__Task instructions__
Directions for the data below: repeat exactly the lines from the one with "- Packaging: Packaging: 3" through the one with "A ACM Rua da", both included, and omit all pictures.

__Data for processing__
··········
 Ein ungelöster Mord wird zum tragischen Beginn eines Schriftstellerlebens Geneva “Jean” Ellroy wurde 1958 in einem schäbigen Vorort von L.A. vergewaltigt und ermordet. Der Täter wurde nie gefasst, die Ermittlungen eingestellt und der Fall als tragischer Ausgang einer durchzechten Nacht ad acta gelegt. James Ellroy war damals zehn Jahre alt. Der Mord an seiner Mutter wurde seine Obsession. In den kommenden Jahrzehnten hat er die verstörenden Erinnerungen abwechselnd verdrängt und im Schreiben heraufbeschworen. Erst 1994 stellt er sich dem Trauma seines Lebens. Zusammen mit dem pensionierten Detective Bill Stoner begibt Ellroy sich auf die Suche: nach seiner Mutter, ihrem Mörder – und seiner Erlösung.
··········
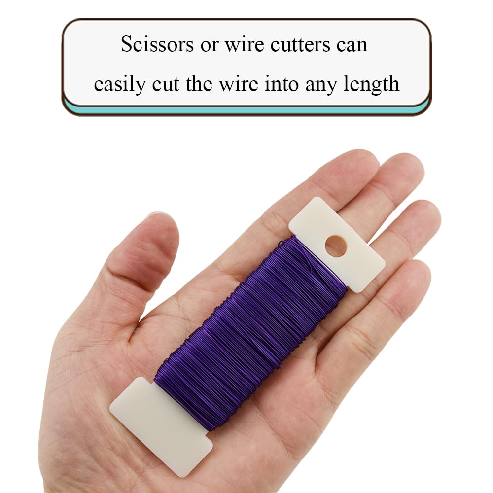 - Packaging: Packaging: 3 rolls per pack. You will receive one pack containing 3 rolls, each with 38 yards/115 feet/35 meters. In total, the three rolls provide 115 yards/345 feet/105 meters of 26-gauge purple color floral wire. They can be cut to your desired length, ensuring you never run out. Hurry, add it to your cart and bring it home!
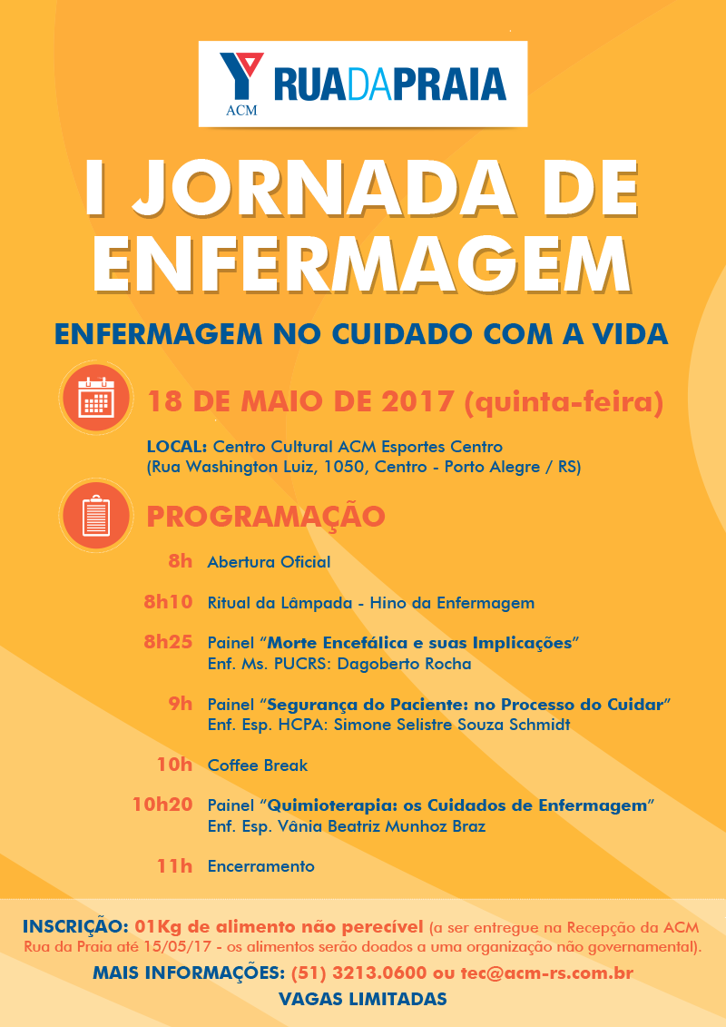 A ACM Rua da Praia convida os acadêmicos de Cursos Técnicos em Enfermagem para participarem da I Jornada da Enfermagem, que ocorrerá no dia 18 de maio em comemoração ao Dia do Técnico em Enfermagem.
··········
__Answer to this problem__
 - Packaging: Packaging: 3 rolls per pack. You will receive one pack containing 3 rolls, each with 38 yards/115 feet/35 meters. In total, the three rolls provide 115 yards/345 feet/105 meters of 26-gauge purple color floral wire. They can be cut to your desired length, ensuring you never run out. Hurry, add it to your cart and bring it home!
 A ACM Rua da Praia convida os acadêmicos de Cursos Técnicos em Enfermagem para participarem da I Jornada da Enfermagem, que ocorrerá no dia 18 de maio em comemoração ao Dia do Técnico em Enfermagem.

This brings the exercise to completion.